[Items from a dataset]
------------------------------------

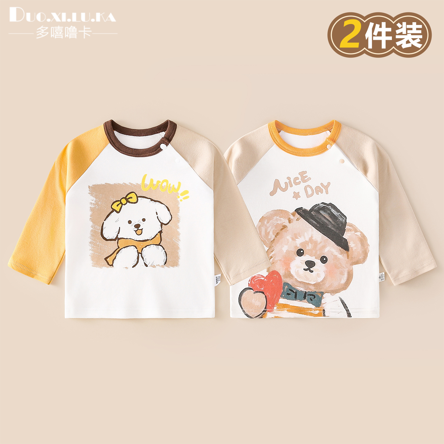 女宝宝新款 2件装 打底衫 T恤2025男童春秋装 a类纯棉上衣服 儿童长袖
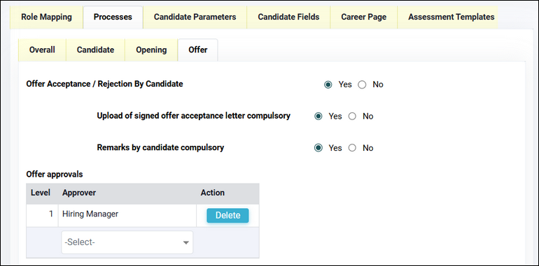 - Upload of signed offer letter compulsory : if this parameter is selected as Yes then if the previous parameter is also Yes then the candidate will have to upload a file while accepting the offer through email. Independent of the previous parameter the Recruiter will have to upload the scanned copy of offer letter as acceptance of offer if candidate has not done it. This parameter will not be visible if E Sign feature is enabled
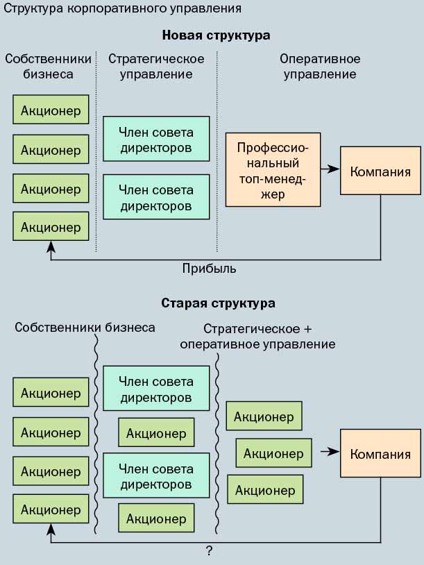 На законодательном уровне были приняты нормативные акты, призванные защитить инвесторов: акт Сарбейнса-Оксли в США, 8-я директива ЕС, а также страновые кодексы корпоративного поведения, из которых позаимствован и включен в требования листинга основных торговых площадок целый ряд положений. При этом зачастую в частных компаниях советы директоров состояли из топ-менеджеров этих организаций, а иногда они же были и собственниками бизнеса. Фактически ни о каком разделении полномочий речи быть не могло. Да и аргументы, звучавшие в тот период, казались большинству весьма вескими: кто лучше собственника может блюсти интересы бизнеса? кто, если не собственник (он же руководитель), возьмет на себя риски, связанные с принятием ключевых для этого бизнеса решений?
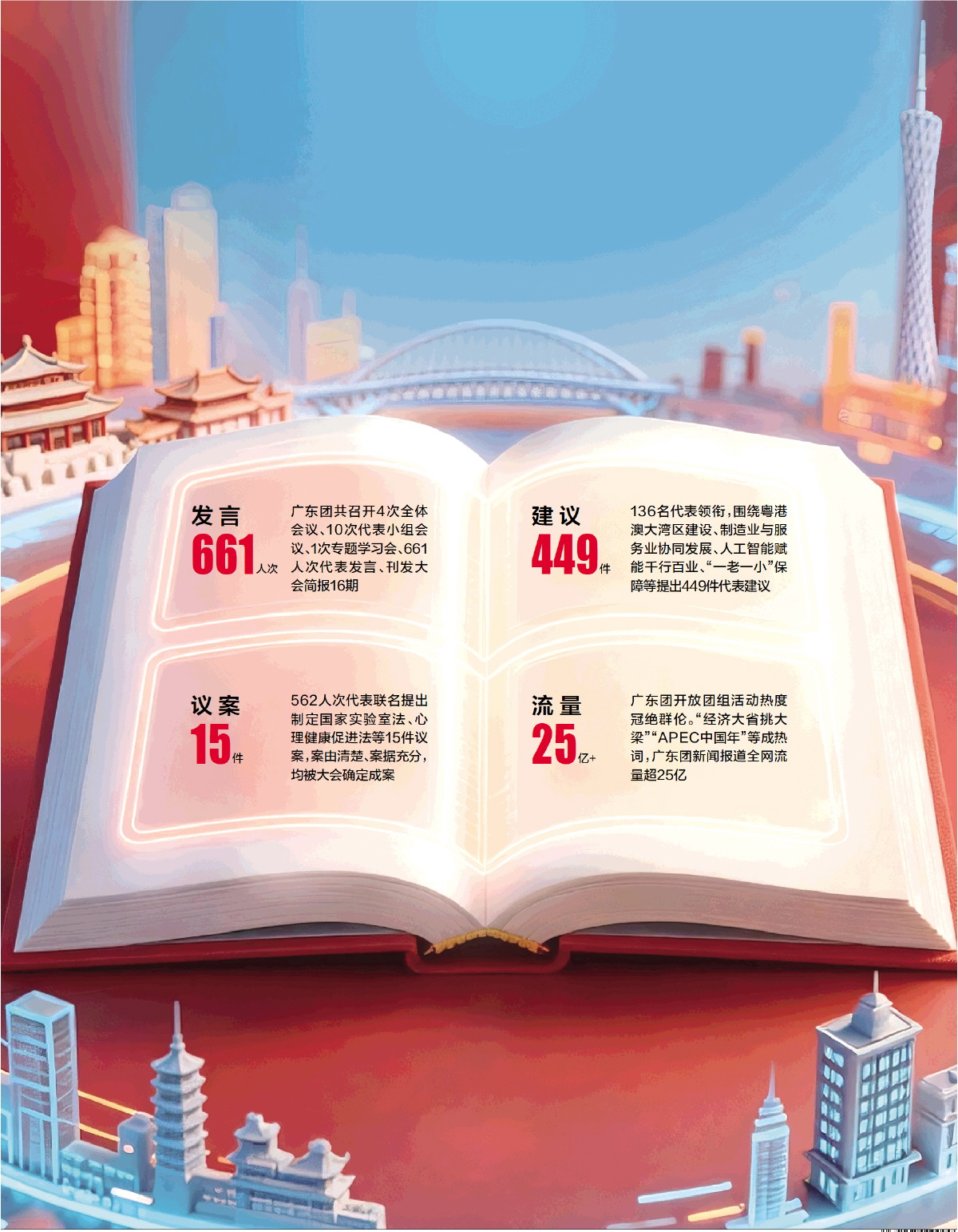 136名代表领衔,围绕粤港澳大湾区建设、制造业与服务业协同发展、人工智能赋能千行百业、“一老一小”保障等提出449件代表建议
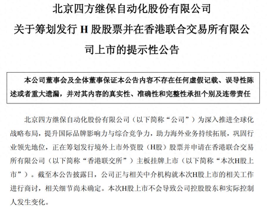 瑞财经王敏 4月13日,北京四方继保自动化股份有限公司(以下简称“四方股份”)发布公告称,为深入推进全球化战略布局,提升国际品牌影响力与综合竞争力,助力海外业务持续拓展,巩固行业领先地位,正在筹划发行境外上市外资股(H股)股票并申请在港交所主板挂牌上市。

------------------------------------

The problem>
Every line in the records is to be retyped exactly as it stands; the pictures stay out.

Expected output>
 女宝宝新款 2件装 打底衫 T恤2025男童春秋装 a类纯棉上衣服 儿童长袖
 - Upload of signed offer letter compulsory : if this parameter is selected as Yes then if the previous parameter is also Yes then the candidate will have to upload a file while accepting the offer through email. Independent of the previous parameter the Recruiter will have to upload the scanned copy of offer letter as acceptance of offer if candidate has not done it. This parameter will not be visible if E Sign feature is enabled
 На законодательном уровне были приняты нормативные акты, призванные защитить инвесторов: акт Сарбейнса-Оксли в США, 8-я директива ЕС, а также страновые кодексы корпоративного поведения, из которых позаимствован и включен в требования листинга основных торговых площадок целый ряд положений. При этом зачастую в частных компаниях советы директоров состояли из топ-менеджеров этих организаций, а иногда они же были и собственниками бизнеса. Фактически ни о каком разделении полномочий речи быть не могло. Да и аргументы, звучавшие в тот период, казались большинству весьма вескими: кто лучше собственника может блюсти интересы бизнеса? кто, если не собственник (он же руководитель), возьмет на себя риски, связанные с принятием ключевых для этого бизнеса решений?
 136名代表领衔,围绕粤港澳大湾区建设、制造业与服务业协同发展、人工智能赋能千行百业、“一老一小”保障等提出449件代表建议
 瑞财经王敏 4月13日,北京四方继保自动化股份有限公司(以下简称“四方股份”)发布公告称,为深入推进全球化战略布局,提升国际品牌影响力与综合竞争力,助力海外业务持续拓展,巩固行业领先地位,正在筹划发行境外上市外资股(H股)股票并申请在港交所主板挂牌上市。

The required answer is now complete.